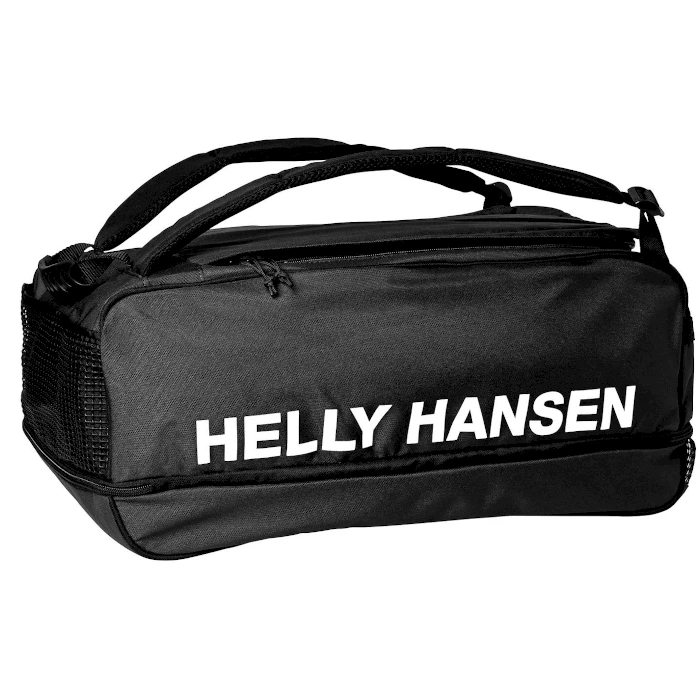 Helly Hansenin tilava ja käytännöllinen laukku, joka kannetaan kuin reppu. Laukussa tuuletetut osastot kengille ja kosteille varusteillesi. Erillinen kuivaosasto. Vetoketjullinen ulkotasku. PFC vapaa.
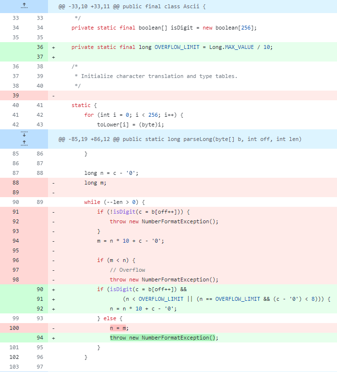 - 해당 취약점은 java/org/apache/tomcat/util/buf/Ascii.java 패키지에서 발생함
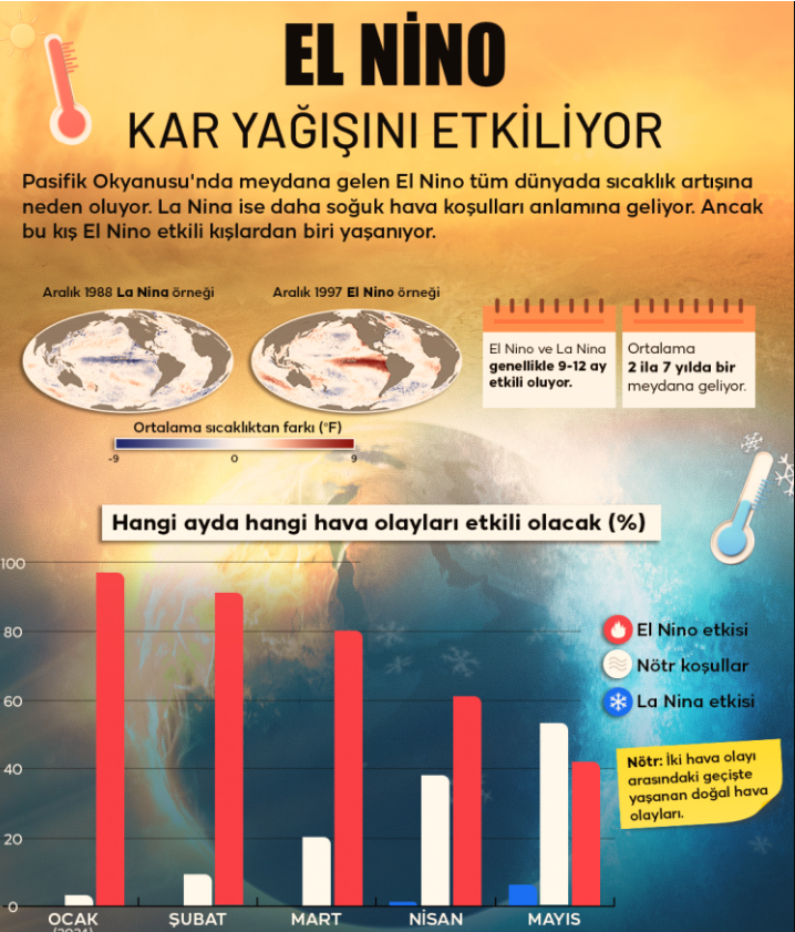 El Niño’nun etkisiyle, Türkiye’nin güney bölgelerinde daha sıcak ve kuru bir hava görülebilirken, kuzey bölgeleri daha soğuk ve yağışlı olabilir. Ancak, İstanbul gibi büyük metropoller, El Niño’nun etkilerini genellikle ılık hava ve yağmur şeklinde hisseder. El Niño dönemlerinde, kış aylarında kar yağışının azalması daha olası hale gelir. Bunun nedeni, sıcak deniz yüzeylerinin atmosferdeki hava akımlarını değiştirerek, kış mevsiminde soğuk hava akımlarının zayıflamasına yol açmasıdır.
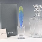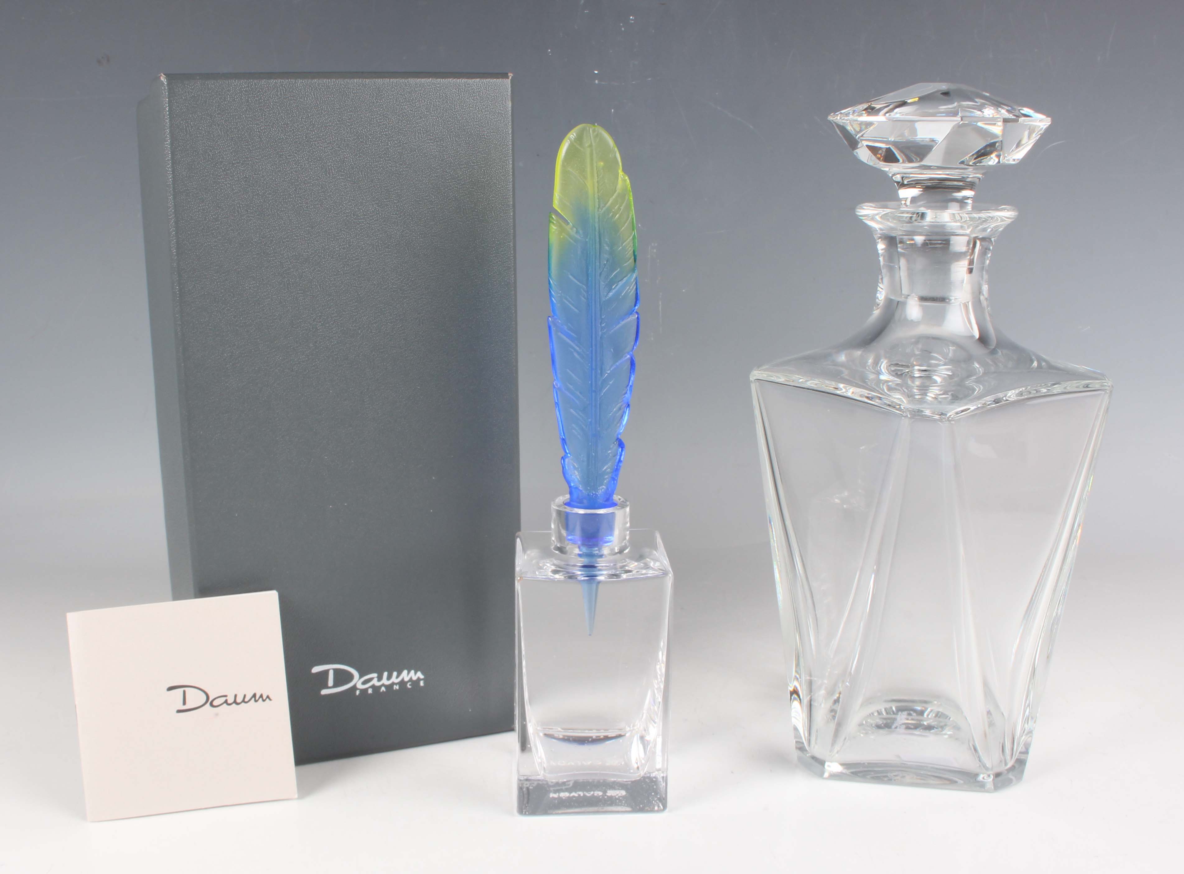 A Daum Feather Quill Cheyenne perfume bottle and stopper, late 20th century, designed by Hilton McConnico, Bleu Calyon colourway, engraved marks to base, height 22.5cm, boxed with some paperwork, together with a Baccarat clear glass decanter and stopper, height 23cm.
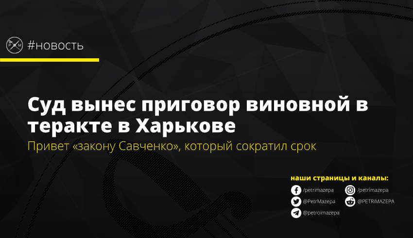 Об этом сообщает харьковское издание Newsroom. 9 ноября 2014 года на улице Рымарской в Харькове был совершен взрыв в пабе «Стена». Тогда в результате теракта пострадало 13 человек. За это преступление была задержана группа диверсантов, однако большинство из них было обменяно на наших военнопленных, однако Марину Ковтун, как организатора, решили судить здесь. По итогу коллегия судей признала ее виновной и приговорила к 11 годам лишения свободы.
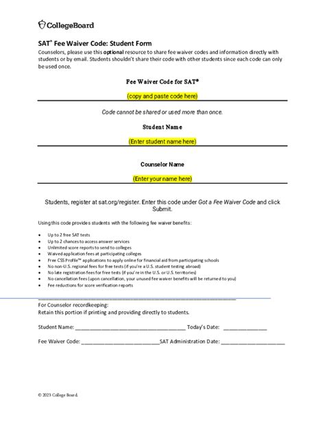 Tracking form use this optional tool to manage and/or track the assignment and distribution of fee waiver. Web sat fee waiver codes: Web if you're eligible for a fee waiver, you can take the sat for free and get other benefits. Getting a fee waiver if you think you're. Tracking form use this optional tool to manage and/or track the assignment and distribution of fee waiver.
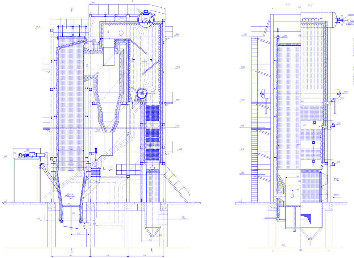 工作流程: 燃料通過輸送機送入爐膛,在密相區(qū)與空氣混合,流化并燃燒,高溫?zé)煔鈹y帶大量正在燃燒的固體顆粒沖刷稀相區(qū),一邊燃燒,一邊將燃燒釋放的熱量傳遞給受熱面,加熱工質(zhì)(水),未燃燼的固體顆粒進入分離器,被收集下來,通過返料器重新送回密相區(qū),循環(huán)燃燒,從而提高燃燒效率。燃燼的固體細(xì)小顆粒隨高溫?zé)煔馓右莩龇蛛x器,沖刷對流受熱面和尾部受熱面,經(jīng)除塵器除塵后排入大氣。
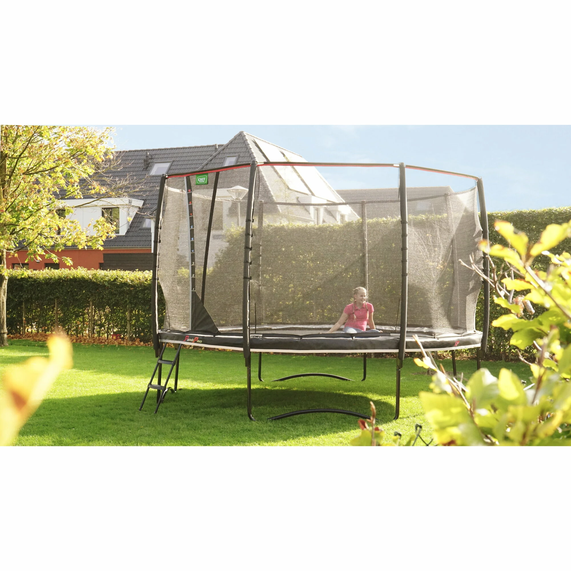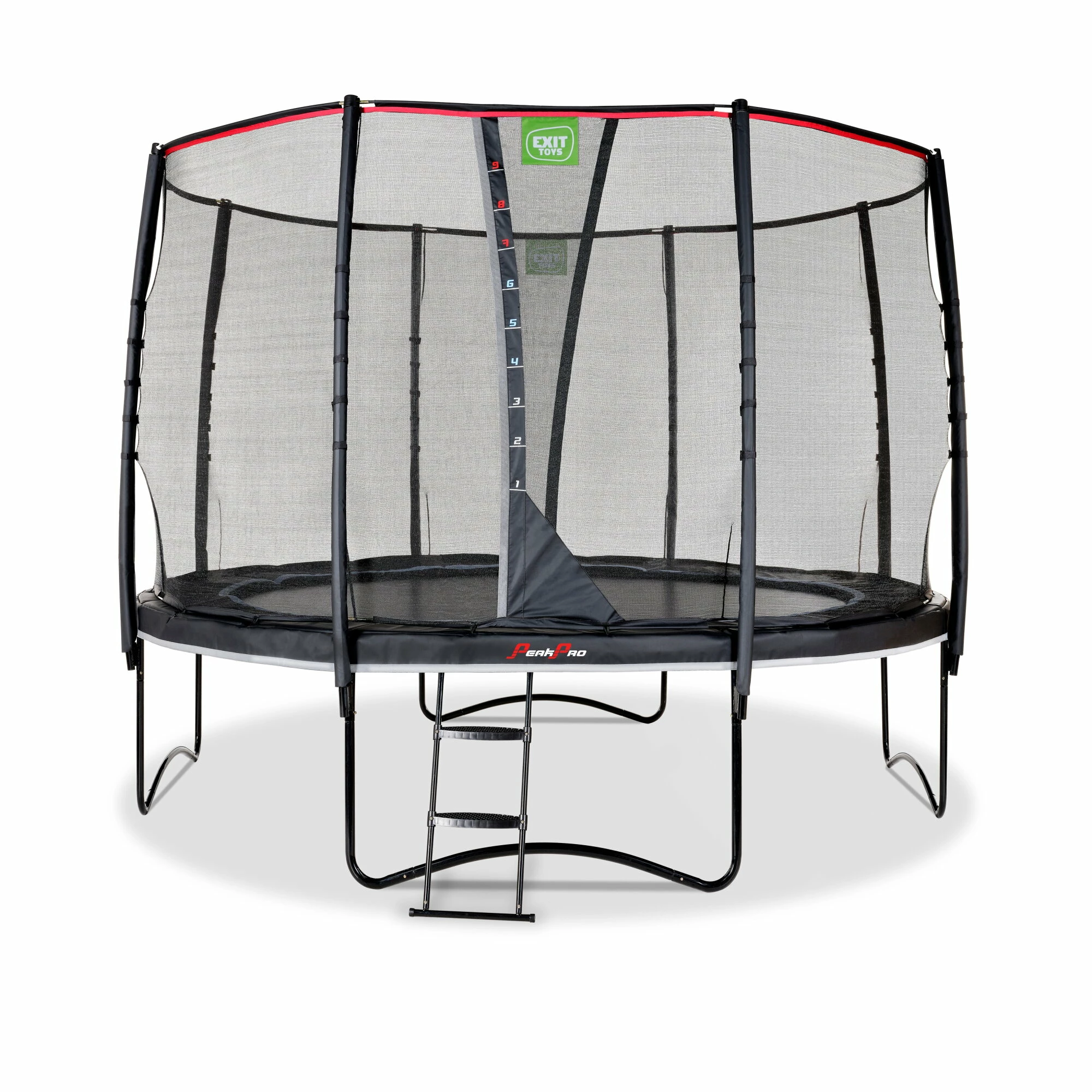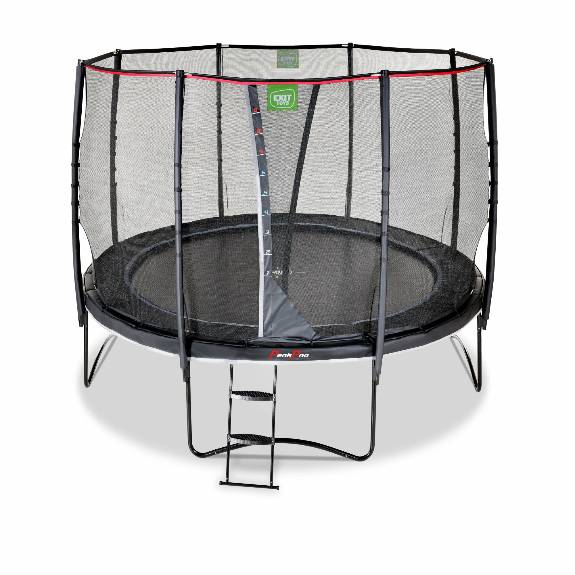 De EXIT PeakPro trampoline met veiligheidsnet is een ronde trampoline met een matzwarte beschermrand en eersteklas springcomfort. De trampoline heeft een robuuste uitstraling door het zwarte frame, de subtiele kleurdetails en reflecterende bies: een pronkstuk in iedere tuin. Bij deze trampoline wordt een trampolineladder meegeleverd zodat je veilig en snel op de trampoline klimt. Met de PeakPro trampoline in de tuin staan kinderen te springen om hun kunsten te laten zien.

▶ What is expected: Could you give all the records again, exactly, minus the pictures?

▶ Task answer:
 Helly Hansenin tilava ja käytännöllinen laukku, joka kannetaan kuin reppu. Laukussa tuuletetut osastot kengille ja kosteille varusteillesi. Erillinen kuivaosasto. Vetoketjullinen ulkotasku. PFC vapaa.
 - 해당 취약점은 java/org/apache/tomcat/util/buf/Ascii.java 패키지에서 발생함
 El Niño’nun etkisiyle, Türkiye’nin güney bölgelerinde daha sıcak ve kuru bir hava görülebilirken, kuzey bölgeleri daha soğuk ve yağışlı olabilir. Ancak, İstanbul gibi büyük metropoller, El Niño’nun etkilerini genellikle ılık hava ve yağmur şeklinde hisseder. El Niño dönemlerinde, kış aylarında kar yağışının azalması daha olası hale gelir. Bunun nedeni, sıcak deniz yüzeylerinin atmosferdeki hava akımlarını değiştirerek, kış mevsiminde soğuk hava akımlarının zayıflamasına yol açmasıdır.
 A Daum Feather Quill Cheyenne perfume bottle and stopper, late 20th century, designed by Hilton McConnico, Bleu Calyon colourway, engraved marks to base, height 22.5cm, boxed with some paperwork, together with a Baccarat clear glass decanter and stopper, height 23cm.
 Об этом сообщает харьковское издание Newsroom. 9 ноября 2014 года на улице Рымарской в Харькове был совершен взрыв в пабе «Стена». Тогда в результате теракта пострадало 13 человек. За это преступление была задержана группа диверсантов, однако большинство из них было обменяно на наших военнопленных, однако Марину Ковтун, как организатора, решили судить здесь. По итогу коллегия судей признала ее виновной и приговорила к 11 годам лишения свободы.
 Tracking form use this optional tool to manage and/or track the assignment and distribution of fee waiver. Web sat fee waiver codes: Web if you're eligible for a fee waiver, you can take the sat for free and get other benefits. Getting a fee waiver if you think you're. Tracking form use this optional tool to manage and/or track the assignment and distribution of fee waiver.
 工作流程: 燃料通過輸送機送入爐膛,在密相區(qū)與空氣混合,流化并燃燒,高溫?zé)煔鈹y帶大量正在燃燒的固體顆粒沖刷稀相區(qū),一邊燃燒,一邊將燃燒釋放的熱量傳遞給受熱面,加熱工質(zhì)(水),未燃燼的固體顆粒進入分離器,被收集下來,通過返料器重新送回密相區(qū),循環(huán)燃燒,從而提高燃燒效率。燃燼的固體細(xì)小顆粒隨高溫?zé)煔馓右莩龇蛛x器,沖刷對流受熱面和尾部受熱面,經(jīng)除塵器除塵后排入大氣。
 De EXIT PeakPro trampoline met veiligheidsnet is een ronde trampoline met een matzwarte beschermrand en eersteklas springcomfort. De trampoline heeft een robuuste uitstraling door het zwarte frame, de subtiele kleurdetails en reflecterende bies: een pronkstuk in iedere tuin. Bij deze trampoline wordt een trampolineladder meegeleverd zodat je veilig en snel op de trampoline klimt. Met de PeakPro trampoline in de tuin staan kinderen te springen om hun kunsten te laten zien.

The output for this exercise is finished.